Вторую новость Алексей услышал от Капицы, когда по делу зашел в его кабинет.

— Минут десять назад услышал новость, — сказал ему Пётр Леонидович. — Сталин уходит.

— Как это уходит? — не понял Алексей. — Куда?

— Включил приемник, а там передают информационное сообщение съезда, — пояснил Капица. — Выступил Сталин и заявил, что не в силах больше занимать посты Генерального секретаря партии и предсовмина. Предложил доверить их Берии. Мол, он и так выполнял эту работу и выполнял прекрасно.
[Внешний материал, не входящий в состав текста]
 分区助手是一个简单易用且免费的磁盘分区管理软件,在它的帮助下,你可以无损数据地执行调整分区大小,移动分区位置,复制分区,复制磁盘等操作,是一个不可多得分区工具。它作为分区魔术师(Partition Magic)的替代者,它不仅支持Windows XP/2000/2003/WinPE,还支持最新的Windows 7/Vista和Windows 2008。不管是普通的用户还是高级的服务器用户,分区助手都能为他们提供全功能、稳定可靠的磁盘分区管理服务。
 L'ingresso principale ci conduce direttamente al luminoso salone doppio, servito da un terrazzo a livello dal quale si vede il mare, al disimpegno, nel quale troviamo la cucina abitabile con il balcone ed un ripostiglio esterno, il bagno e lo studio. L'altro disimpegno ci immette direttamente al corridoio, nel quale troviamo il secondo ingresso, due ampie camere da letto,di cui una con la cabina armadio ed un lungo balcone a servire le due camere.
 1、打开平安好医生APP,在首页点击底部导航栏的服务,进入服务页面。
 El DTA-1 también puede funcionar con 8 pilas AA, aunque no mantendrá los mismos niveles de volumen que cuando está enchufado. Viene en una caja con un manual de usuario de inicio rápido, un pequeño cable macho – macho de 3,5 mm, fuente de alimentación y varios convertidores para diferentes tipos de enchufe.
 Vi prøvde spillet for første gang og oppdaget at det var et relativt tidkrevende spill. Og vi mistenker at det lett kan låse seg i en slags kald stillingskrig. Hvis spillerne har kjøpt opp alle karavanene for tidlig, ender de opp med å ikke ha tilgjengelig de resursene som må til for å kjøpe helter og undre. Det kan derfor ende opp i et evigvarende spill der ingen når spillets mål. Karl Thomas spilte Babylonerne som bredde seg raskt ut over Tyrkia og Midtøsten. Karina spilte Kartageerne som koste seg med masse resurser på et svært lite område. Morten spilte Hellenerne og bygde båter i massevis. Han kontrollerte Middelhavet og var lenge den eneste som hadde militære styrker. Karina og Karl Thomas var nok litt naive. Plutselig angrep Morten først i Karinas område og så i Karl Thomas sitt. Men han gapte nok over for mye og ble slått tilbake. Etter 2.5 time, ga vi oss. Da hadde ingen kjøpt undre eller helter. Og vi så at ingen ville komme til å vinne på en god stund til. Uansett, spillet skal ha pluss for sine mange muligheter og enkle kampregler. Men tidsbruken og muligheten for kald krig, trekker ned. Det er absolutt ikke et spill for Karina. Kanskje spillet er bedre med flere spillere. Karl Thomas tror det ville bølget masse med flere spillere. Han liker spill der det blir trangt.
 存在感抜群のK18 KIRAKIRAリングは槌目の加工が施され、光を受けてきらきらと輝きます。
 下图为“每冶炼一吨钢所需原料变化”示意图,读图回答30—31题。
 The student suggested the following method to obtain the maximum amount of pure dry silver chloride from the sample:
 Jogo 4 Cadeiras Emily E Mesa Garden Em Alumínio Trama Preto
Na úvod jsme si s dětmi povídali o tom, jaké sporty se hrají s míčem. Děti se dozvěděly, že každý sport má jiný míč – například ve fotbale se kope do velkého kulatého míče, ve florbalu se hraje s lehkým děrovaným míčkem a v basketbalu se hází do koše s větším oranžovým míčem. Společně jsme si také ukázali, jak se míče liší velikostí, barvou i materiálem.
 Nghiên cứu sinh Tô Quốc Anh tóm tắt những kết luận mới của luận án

Его попытались уговорить остаться, но не преуспели. Он вообще посоветовал не оставлять высших партийных и государственных постов тем, кому перевалило за семьдесят. Надо сказать, что он меня приятно удивил. Сообщили, что съезд все утвердил. Как вы думаете, к чему это приведет?

— Хуже не будет, — ответил Алексей. — Берия и так всем заправлял. Скорее всего, следует ждать от него каких‑то действий, направленных на увеличение его популярности. Снизят цены или кого‑нибудь реабилитируют. И взрыв второй бомбы подгадали к съезду. Наверняка Сталин донес до депутатов роль Берии в атомном проекте.

— Он действительно очень много сделал, — сказал Капица. — Ладно, перейдем к делам Центра. Я думаю использовать лабораторию Гольдберга для подготовки выпуска накопителей. Реактор достроят и без них, там дело только за строителями. Что скажете?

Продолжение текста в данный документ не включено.